0

Is it possible to lookup the audio metadata for a file stored in Google Cloud without having to download it? When building a Google Speech-to-Text API service you pass it a gs://bucket/file.flac, and I know the sox and ffmpeg bash and Python commands for locally stored files metadata lookup, but I can't seem figure out a way to lookup audio file metadata on Google Cloud Storage file.

Additionally if I have a gs://bucket/audio.wav, can I re-encode that using sox/py-sox and write the new audio.flac directly to gs://bucket/audio.flac? Or do I have to download the audio.wav to re-encode it?

Any thoughts or directions appreciated.

libroman2
  • 1
  • 3

1 Answers1

0

No, it is not possible to access the metadata you want directly in google Cloud Storage. Using the command gsutil ls -L gs://[bucket_name]/[file_name] will prompt the metadata of that file within the bucket. You can modify these metadata, but not the ones you are referring to. You will need to download the files, re-encode them and upload them again.
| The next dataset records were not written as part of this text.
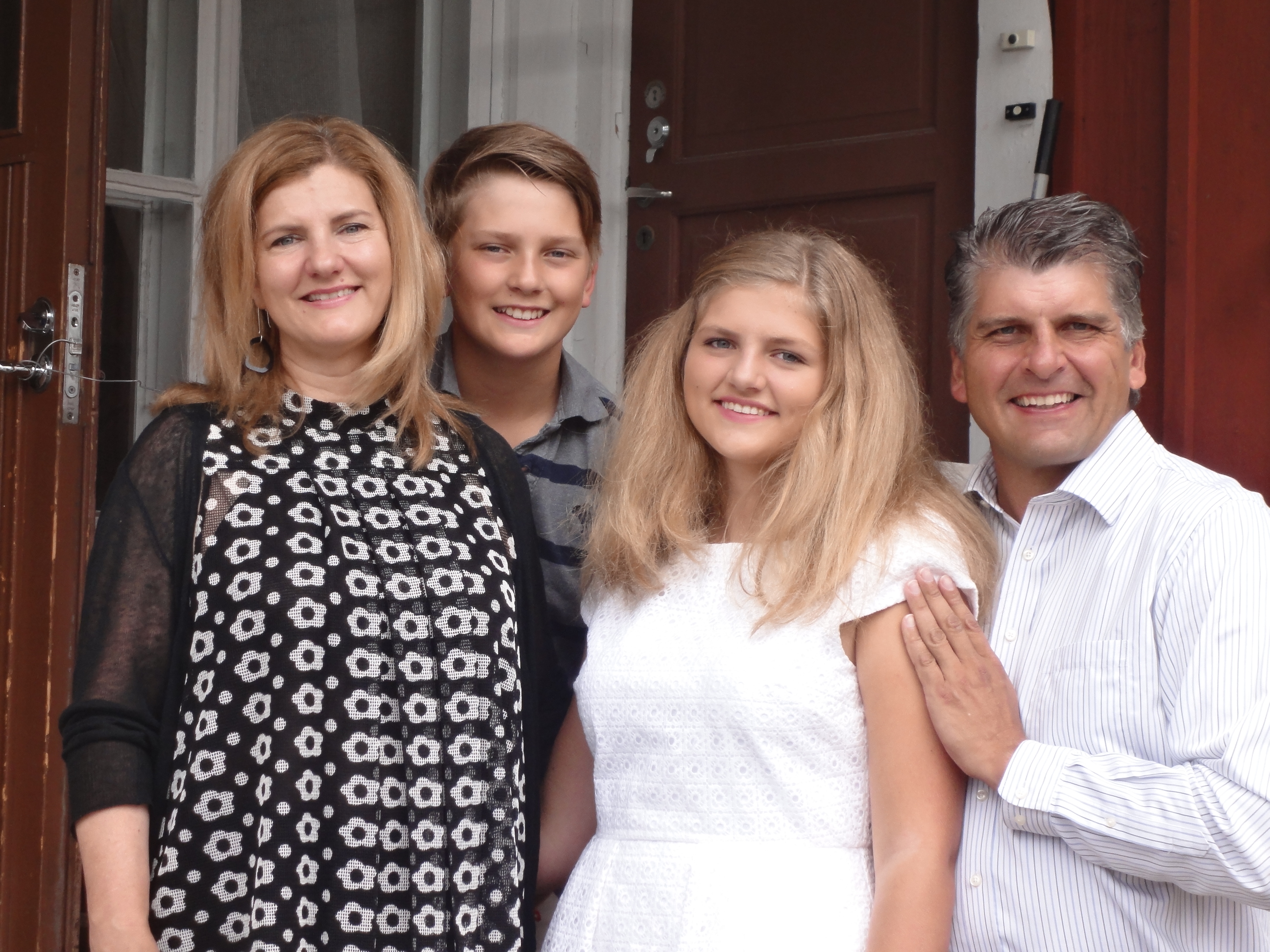 Kim, Marko, Anna-Maya ja  Jouko perhekuvassa rippijuhlan jälkeen Espoossa 1.8.2016
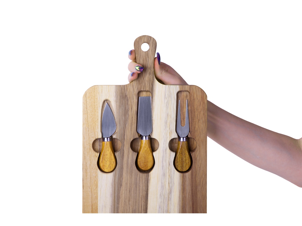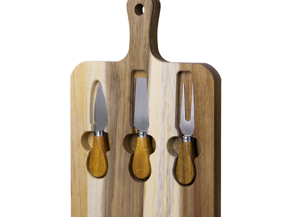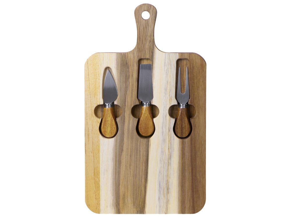 | Комплектность | разделочная доска 21,5 х 37,3 х 2 см, нож листовидный 11,2 см, нож-лопатка для мягкого сыра 12,2 см, вилка 12,3 см |
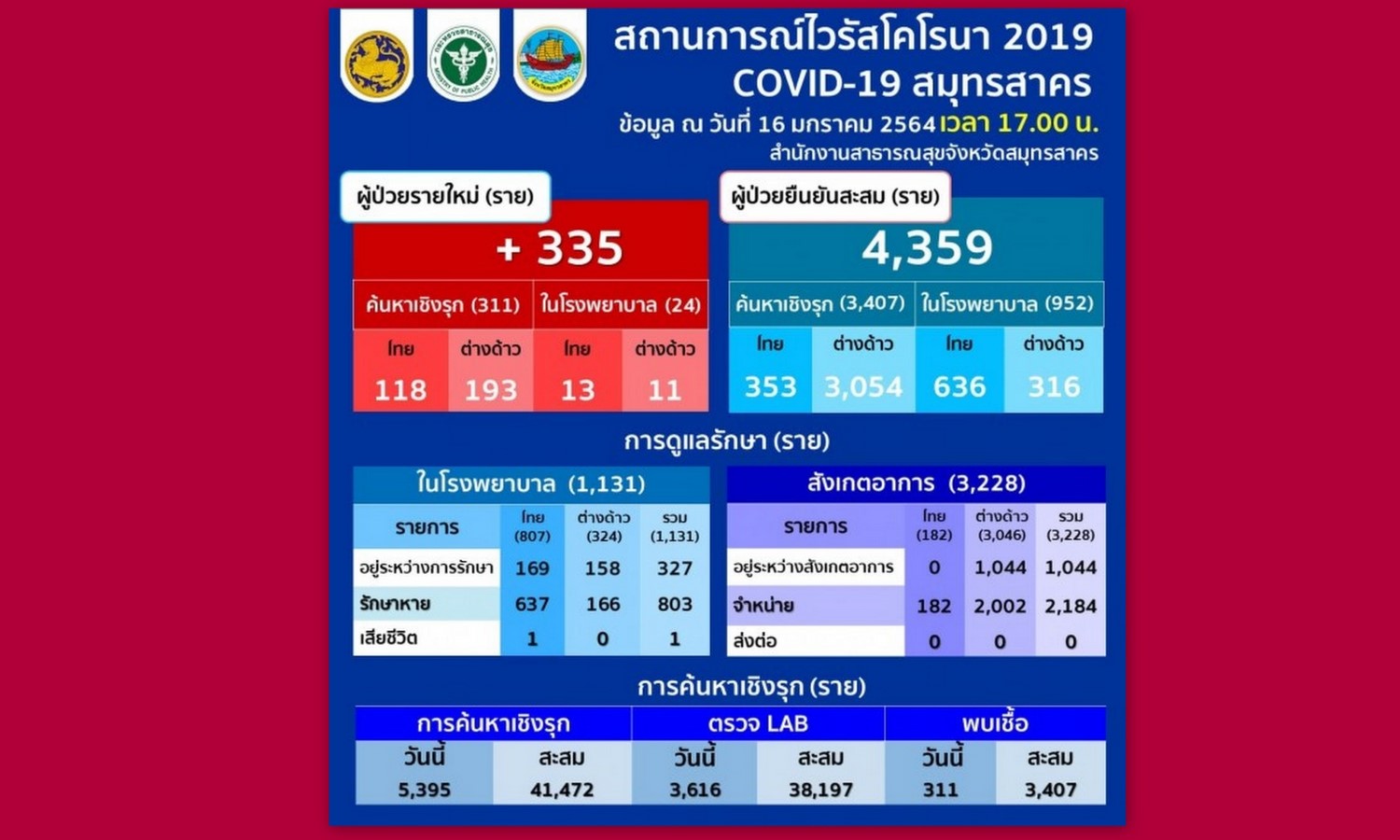 วันที่ 16 มกราคม 2564 เวลา 17.00 น. สถานการณ์การติดเชื้อ COVID-19 สมุทรสาคร ผู้ป่วยรายใหม่ 335 ราย ...

You cannot do that re-encoding operation in Cloud Storage, you will need to download the file and process it the way you want before uploading it again to your bucket. However, here is a workaround if it works for you:

Create a Cloud Function triggered when your file is uploaded. Then, retrieve the file that you just uploaded and perform any operation you want with it (such as re-encoding into .flac). After that, upload it again (careful! If you give the new file the same name and extension, it will overwrite the older one in the bucket).

About your library, Cloud Functions use Python 3.7, which for the time being does not support the py-sox library, so you will need to find another one.